Virgínia assumiu-se mais como feminista do que como republicana mas discursou na Assembleia Geral da Liga Republicana das Mulheres Portuguesas de 26-10-1910, assembleia que aprovou o caderno reivindicativa das feministas a apresentar a Afonso Costa. Como outras feministas de destaque rompeu com a máxima da tribuna politica para os homens e discursou em numerosas sessões de propaganda republicana nos Centros Escolares Republicanos antes e depois do 5 de Outubro.
Fomentou a criação da secção portuguesa d´A Paz e o Desarmamento pelas Mulheres, depois de ter participado na Liga da Paz.
Discursou na romagem à campa de Carolina Beatriz Ângelo assim como na homenagem a Madeleine Pelletier, incitando sempre as presentes a nunca esmorecerem no combate pela independência económica e a instrução.

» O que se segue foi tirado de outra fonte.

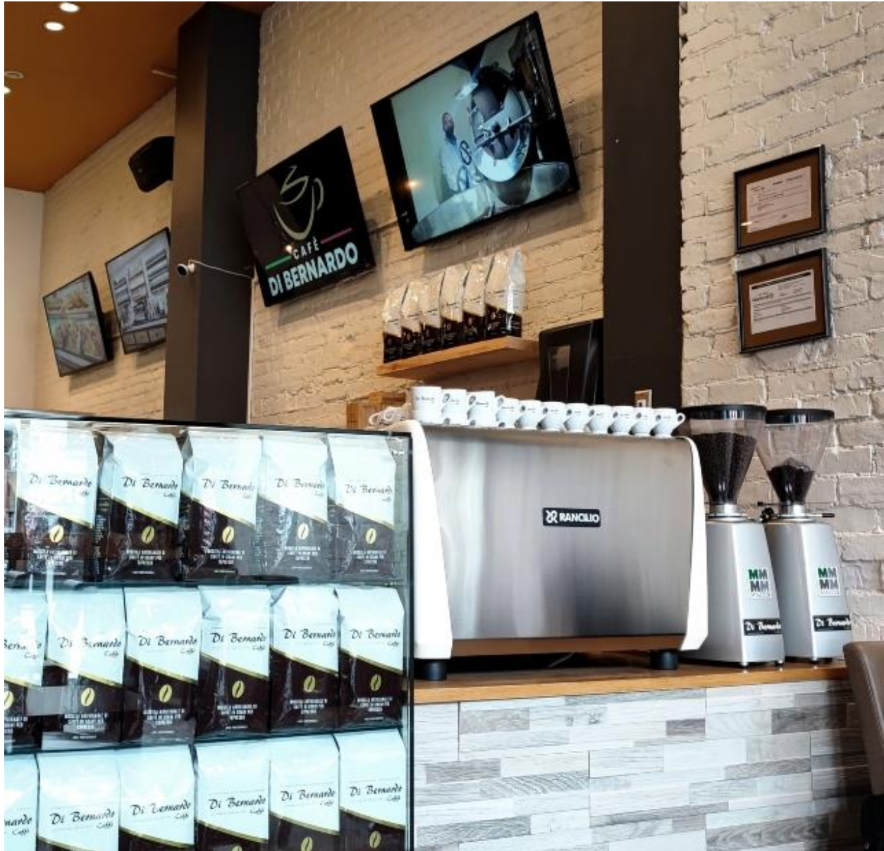
Rancilio coffee machines, a partner of Di Bernardo Caffè (licensed image)

To carry out this plan, Di Bernardo has chosen to enlist the company's long-standing partners, such as Rancilio for its coffee machines and Mazzer for its grinders.
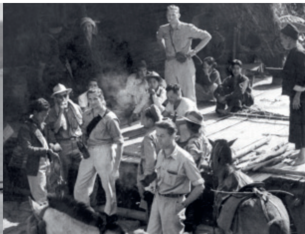
Elektroprojekt u Burmi
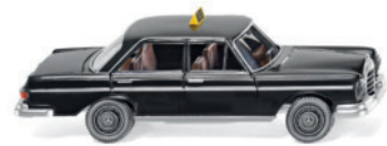
0800 11 Taxi - MB 280 SE
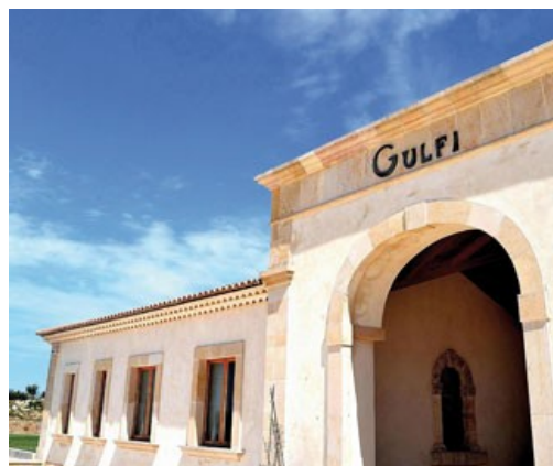
Locanda Gulfi, Chiaramonte Gulfi (Sicilia)
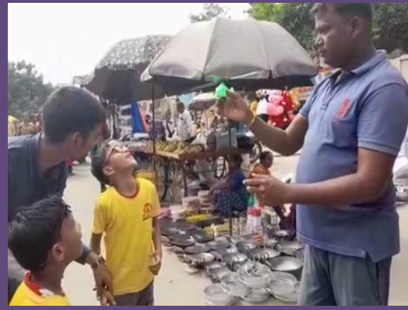
આનંદમેળામાં રંગબેરંગી આનંદ અનુભવતા બાળકો
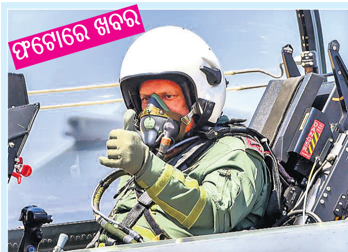
ଦେଲ୍‌ଲୀରୁ ଚାଲିଥିବା ଏବେ ଇଣ୍ଡିଆ ୨୦୧୯ର ବାଦଶବ୍ଦ ସଂସ୍କରଣର ଦ୍ଵିତୀୟ ଦିନରେ ଗୁରୁତର ମୁକ୍ତିଦାନ 'ଡେକ୍‌ସ୍'ରେ ଉଡ଼ାଣ ଆରମ୍ଭ ପୂର୍ବରୁ ସ୍ଥଳସେନା ମୁଖ୍ୟ କେନେରାଲ ବିପିନ ରାଓଙ୍କୁ।

ନୂଆଦିଲ୍ଲୀ, ୨୧।୨ (ପି.ଟି.)-ସୁନନ୍ଦା ମୃତ୍ୟୁ ମାମଲାରେ ଗୁରୁତର କଂଗ୍ରେସ ନେତା ଶଶୀ ଅରୁଣଙ୍କ ବିରୋଧରେ ଶୁଣାଣି ଥିବାବେଳେ ଏହାକୁ ଦିଲ୍ଲୀର ଏକ ଅଦାଲତ ମାର୍ଚ୍ଚ ୭ ପର୍ଯ୍ୟନ୍ତ ସ୍ଵୀକୃତି ରଖିଛନ୍ତି। ଅରୁଣ ବାହାରିନ ଏବଂ କାତାର ଭ୍ରମଣରେ ଯିବା ପାଇଁ ଆନେକନ କରିବାକୁ ଏହା ଉପରେ ଗୁରୁତର ଜବାବ ଦାଖଲ କରିବାକୁ ସ୍ଵତନ୍ତ୍ର ଭଳି ଅରୁଣ ଉତ୍ତରାଦିଲ୍ଲୀ ପୋଲିସକୁ ନିର୍ଦ୍ଦେଶ ଦେଇଛନ୍ତି। ଗତ ୪ ତାରିଖରେ ଅଦାଲତ ମାମଲାକୁ ସେସବୁ କୋର୍ଟକୁ ପଠାଇଥିଲେ। ପୂର୍ବତନ କେନ୍ଦ୍ରମନ୍ତ୍ରୀ ତଥା ସୁନନ୍ଦାଙ୍କ ସ୍ଵାମୀ ଅରୁଣଙ୍କ ବିରୋଧରେ ଆଇପିସିର ଧାରା ୪୮୮-କ ଏବଂ ୩୦୨ରେ ମାମଲା ଗୁରୁ ହୋଇଥିଲେ ମଧ୍ୟ ତାଙ୍କୁ ଏପର୍ଯ୍ୟନ୍ତ ଗିରଫ କରାଯାଇନାହିଁ। ୨୦୧୪ ଜାନୁୟାରୀ ୧୭ରେ ସୁନନ୍ଦାଙ୍କ ମୃତଦେହ ଦିଲ୍ଲୀର ଏକ ଲକ୍ଷ୍ମୀବା ହୋଟେଲ ସ୍ଵତନ୍ତ୍ର ସନ୍ଦେହଜନକ ଅବସ୍ଥାରେ ମିଳିଥିଲା।

2ª parte no Chiado frente ao Chiado Terrace e sede da PIDE
A convite de Óscar de Carvalho Azevedo que conhecera no Brasil, Virgínia chefia a delegação lisboeta da Agência Americana, uma agência noticiosa criada por Olavo Bilac para noticiar o que demais importante acontecia no continente sul americano com destaque para o Brasil: uma nova fase na vida de Virgínia Quaresma
Foi n´A Capital mas principalmente n´O Século que Virgínia Quaresma impôs o gosto pela chamada publicidade redigida, «uma feição nova no jornalismo de língua portuguesa, fazendo os grandes inquéritos à vida económica, industrial, e financeira das duas pátrias e tornando públicas, nos mínimos aspectos do seu desenvolvimento, as fontes da riqueza nacional»2.
Durante a Guerra colocou a publicidade da Agência noticiosa Americana ao serviço da Cruzada das Mulheres Portuguesas, promovendo a auxilio aos estropiados da guerra assim como aos orfãos e viúvas de Guerra .
Na sede da Americana, assim como no Chiado Terrace, mesmo ao lado, Virgínia promoveu saraus culturais, para apresentação de alunas de piano, de fadistas, de poetisas, muito concorridos e com eco em todos os jornais divulgando assim o nome das jovens que davam os primeiros passos numa carreira.
Morreu com 91 anos de idade, vítima de ataque cardíaco. Resumiu assim a sua vida: «fui apenas uma redactora que amava o jornalismo e que vivia para a reportagem».